Other people’s words about … getting lost
I said earlier that I have no special running talents. In fact, I have one: getting lost.
No-one gets lost like I do. It’s not just a running thing. It’s a getting lost thing.
I’ve been lost when running, walking, driving, cycling, sailing, using public transport, even (once) taking a taxi, on at least three continents, since I first ventured out into the world as an unaccompanied teenager. I’ve temporarily abandoned a car in Milton Keynes, and once phoned [my wife] Clare from the outskirts of Northampton to warn her that I might not find my way home for days. I’ve never been lost on a running track (yet), but I have been lost indoors — not just temporarily disoriented, but properly, sit-down-and-cry-and-wait-to-die lost — on a disastrous visit to the Birmingham branch of Ikea.
From ‘Running Free’
by Richard Askwith
I am someone who gets lost as easily as Richard Askwith. I live in Australia, not England, so I’ve never got lost in Milton Keynes or Northampton, but I have certainly been to the Adelaide branch of Ikea and experienced that sense of utter lostness that he so delightfully describes as sit-down-and-cry-and-wait-to-die lost. (Though, actually, I would call that particular kind of ‘lost’ an Ikea thing rather than a getting lost thing. Just saying … )

Dune’s counterpane:
How can you ever feel lost when these are the things you see along your way?
I don’t just get lost physically, either. I frequently feel lost in a metaphorical sense, too. I admire anyone who seems to know (or who feels as though they know) where they are going in life. I don’t. I never have. The older I get, the more strongly I become aware of my inner sense of lostness.

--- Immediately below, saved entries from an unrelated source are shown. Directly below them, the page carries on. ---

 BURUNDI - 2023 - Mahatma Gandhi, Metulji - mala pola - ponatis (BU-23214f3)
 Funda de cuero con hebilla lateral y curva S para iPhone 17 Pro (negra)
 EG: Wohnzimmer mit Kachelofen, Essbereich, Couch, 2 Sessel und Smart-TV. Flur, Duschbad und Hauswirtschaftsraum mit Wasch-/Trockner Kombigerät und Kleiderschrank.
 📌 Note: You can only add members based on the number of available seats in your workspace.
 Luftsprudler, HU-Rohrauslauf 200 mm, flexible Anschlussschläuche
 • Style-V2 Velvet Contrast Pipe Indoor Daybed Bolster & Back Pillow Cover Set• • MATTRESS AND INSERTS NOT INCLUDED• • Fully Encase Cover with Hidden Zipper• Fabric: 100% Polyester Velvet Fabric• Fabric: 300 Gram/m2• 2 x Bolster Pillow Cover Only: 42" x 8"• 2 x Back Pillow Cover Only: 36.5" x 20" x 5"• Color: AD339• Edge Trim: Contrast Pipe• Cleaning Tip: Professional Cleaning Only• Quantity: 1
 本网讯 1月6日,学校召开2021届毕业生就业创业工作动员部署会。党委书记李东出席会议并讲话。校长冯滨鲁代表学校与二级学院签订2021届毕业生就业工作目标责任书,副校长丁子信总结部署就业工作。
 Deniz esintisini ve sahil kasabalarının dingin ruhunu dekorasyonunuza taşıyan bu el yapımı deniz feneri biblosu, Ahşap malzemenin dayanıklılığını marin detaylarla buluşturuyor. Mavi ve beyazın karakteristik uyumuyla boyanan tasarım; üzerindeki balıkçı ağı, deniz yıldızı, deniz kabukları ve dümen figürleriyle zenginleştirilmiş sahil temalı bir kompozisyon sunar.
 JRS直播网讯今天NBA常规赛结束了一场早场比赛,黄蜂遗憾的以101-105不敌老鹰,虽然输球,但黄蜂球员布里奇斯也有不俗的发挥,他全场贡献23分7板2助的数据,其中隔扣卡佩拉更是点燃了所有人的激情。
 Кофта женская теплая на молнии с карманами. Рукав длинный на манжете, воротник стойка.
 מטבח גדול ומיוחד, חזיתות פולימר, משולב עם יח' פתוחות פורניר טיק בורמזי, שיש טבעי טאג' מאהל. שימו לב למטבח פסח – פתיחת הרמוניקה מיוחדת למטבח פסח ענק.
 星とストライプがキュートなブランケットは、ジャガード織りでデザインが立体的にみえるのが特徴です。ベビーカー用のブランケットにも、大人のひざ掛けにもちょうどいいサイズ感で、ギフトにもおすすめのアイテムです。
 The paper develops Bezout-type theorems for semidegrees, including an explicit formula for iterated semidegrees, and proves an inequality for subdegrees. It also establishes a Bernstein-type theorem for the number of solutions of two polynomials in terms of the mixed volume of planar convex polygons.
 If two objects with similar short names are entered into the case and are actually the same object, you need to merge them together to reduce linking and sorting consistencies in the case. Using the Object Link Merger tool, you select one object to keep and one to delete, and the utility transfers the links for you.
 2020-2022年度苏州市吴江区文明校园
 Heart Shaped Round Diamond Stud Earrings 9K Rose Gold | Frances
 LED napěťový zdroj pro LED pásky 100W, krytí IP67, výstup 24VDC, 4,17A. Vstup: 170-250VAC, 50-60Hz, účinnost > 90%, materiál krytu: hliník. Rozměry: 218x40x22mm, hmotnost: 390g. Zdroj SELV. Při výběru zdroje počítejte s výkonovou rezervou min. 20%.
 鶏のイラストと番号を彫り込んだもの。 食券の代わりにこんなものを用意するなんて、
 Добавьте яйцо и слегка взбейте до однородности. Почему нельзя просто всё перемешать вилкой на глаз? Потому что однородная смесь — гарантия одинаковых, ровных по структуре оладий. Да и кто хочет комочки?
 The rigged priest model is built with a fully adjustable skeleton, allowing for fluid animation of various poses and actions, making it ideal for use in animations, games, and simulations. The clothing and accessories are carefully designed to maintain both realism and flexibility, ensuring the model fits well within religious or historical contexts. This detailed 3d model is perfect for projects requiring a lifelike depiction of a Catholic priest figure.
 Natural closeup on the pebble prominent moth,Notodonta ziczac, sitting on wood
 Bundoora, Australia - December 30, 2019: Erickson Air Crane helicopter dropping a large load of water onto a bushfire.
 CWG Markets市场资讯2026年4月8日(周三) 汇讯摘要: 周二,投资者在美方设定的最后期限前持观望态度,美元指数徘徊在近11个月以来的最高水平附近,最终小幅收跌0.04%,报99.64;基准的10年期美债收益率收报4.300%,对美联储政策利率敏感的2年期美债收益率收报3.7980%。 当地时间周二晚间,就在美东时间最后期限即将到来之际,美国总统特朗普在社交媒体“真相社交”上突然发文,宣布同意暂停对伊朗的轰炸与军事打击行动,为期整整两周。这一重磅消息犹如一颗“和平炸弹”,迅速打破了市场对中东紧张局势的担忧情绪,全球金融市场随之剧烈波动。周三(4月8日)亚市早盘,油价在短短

Often, this innate sense of lostness feels like a burden. But not always. Because the thing about setting off towards one place and ending up somewhere else entirely, somewhere you hadn’t planned on and don’t recognise at all, is that you get the chance to explore.

Lizzie the garden cat:
A lost cat, but also a found one.
I’m talking metaphorically here again, of course. But the older I get, the more strongly I also come to understand the importance of being willing to explore, willing to wander, willing to wonder. And sometimes, in hopeful moments, I see many years of exploring and wandering and wondering ahead of me.
I like that thought.
Lately I’ve been reading …
- As I write this, I’m between my first and second [Covid] shots. I miss everyone I know and don’t know. Yet I’ve caught myself fearing that things will go back to normal too soon, and I won’t be ready: Elissa Gabbert in an essay on Covid and loneliness in all its contrariness.
- [Benji the blue heeler]’s gaze is polite but frank. It is the look of someone utterly at ease in his own fur, confident that wherever he goes, everyone will be thrilled to see him: Madeleine Aggeler in a light-hearted look at why canines are the latest celebrities.